WHAT THIS TASK INVOLVES: Pull every line from the records that has the word "detail" in it.

RECORDS FOR PROCESSING:
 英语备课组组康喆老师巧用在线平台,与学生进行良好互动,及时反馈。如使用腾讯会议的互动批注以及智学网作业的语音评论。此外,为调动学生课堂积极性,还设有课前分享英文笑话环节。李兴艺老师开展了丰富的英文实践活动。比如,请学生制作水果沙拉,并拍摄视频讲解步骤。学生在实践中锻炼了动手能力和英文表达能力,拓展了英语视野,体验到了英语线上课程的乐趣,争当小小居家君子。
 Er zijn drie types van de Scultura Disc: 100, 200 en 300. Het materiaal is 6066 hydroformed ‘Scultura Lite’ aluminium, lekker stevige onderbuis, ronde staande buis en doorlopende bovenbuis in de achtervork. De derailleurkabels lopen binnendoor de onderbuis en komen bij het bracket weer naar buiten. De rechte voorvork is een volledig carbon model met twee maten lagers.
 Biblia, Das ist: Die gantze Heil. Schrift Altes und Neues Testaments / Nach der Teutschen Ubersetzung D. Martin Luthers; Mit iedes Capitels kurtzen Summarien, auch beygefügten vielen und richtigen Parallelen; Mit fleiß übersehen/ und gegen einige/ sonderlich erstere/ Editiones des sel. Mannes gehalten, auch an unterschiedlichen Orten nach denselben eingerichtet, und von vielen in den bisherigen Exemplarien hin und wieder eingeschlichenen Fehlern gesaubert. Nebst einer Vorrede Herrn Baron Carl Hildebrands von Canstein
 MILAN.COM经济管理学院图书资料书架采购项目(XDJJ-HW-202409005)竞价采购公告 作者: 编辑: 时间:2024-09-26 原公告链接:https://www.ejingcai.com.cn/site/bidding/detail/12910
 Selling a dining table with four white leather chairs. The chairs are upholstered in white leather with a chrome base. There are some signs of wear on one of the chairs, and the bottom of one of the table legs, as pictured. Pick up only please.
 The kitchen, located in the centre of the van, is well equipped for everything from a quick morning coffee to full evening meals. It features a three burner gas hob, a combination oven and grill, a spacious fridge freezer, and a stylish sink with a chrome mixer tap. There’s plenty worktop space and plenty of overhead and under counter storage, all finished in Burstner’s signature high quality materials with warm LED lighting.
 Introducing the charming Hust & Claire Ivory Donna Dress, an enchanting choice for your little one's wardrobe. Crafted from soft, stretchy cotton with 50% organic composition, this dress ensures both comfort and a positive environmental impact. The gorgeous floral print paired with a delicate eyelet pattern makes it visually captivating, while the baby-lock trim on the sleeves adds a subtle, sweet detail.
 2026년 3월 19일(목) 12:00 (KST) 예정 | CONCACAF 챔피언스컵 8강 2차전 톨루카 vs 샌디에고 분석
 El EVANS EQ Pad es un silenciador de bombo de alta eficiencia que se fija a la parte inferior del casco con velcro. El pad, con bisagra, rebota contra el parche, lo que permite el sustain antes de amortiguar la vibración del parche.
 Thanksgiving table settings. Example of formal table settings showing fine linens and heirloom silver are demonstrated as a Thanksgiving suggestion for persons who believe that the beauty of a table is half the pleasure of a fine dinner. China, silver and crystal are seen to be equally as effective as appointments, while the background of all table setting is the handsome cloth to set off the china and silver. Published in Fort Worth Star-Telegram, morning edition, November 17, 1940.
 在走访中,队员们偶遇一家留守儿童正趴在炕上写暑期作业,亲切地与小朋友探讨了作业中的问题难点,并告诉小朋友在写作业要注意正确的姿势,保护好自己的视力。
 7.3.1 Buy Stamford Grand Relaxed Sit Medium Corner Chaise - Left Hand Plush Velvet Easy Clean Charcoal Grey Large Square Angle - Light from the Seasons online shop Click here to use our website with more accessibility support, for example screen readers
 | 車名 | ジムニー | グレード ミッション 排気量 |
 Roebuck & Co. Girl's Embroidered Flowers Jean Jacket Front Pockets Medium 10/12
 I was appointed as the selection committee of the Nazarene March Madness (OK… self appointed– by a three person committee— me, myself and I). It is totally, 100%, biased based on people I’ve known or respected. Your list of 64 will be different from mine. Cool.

YOUR SOLUTION:
 MILAN.COM经济管理学院图书资料书架采购项目(XDJJ-HW-202409005)竞价采购公告 作者: 编辑: 时间:2024-09-26 原公告链接:https://www.ejingcai.com.cn/site/bidding/detail/12910
 Introducing the charming Hust & Claire Ivory Donna Dress, an enchanting choice for your little one's wardrobe. Crafted from soft, stretchy cotton with 50% organic composition, this dress ensures both comfort and a positive environmental impact. The gorgeous floral print paired with a delicate eyelet pattern makes it visually captivating, while the baby-lock trim on the sleeves adds a subtle, sweet detail.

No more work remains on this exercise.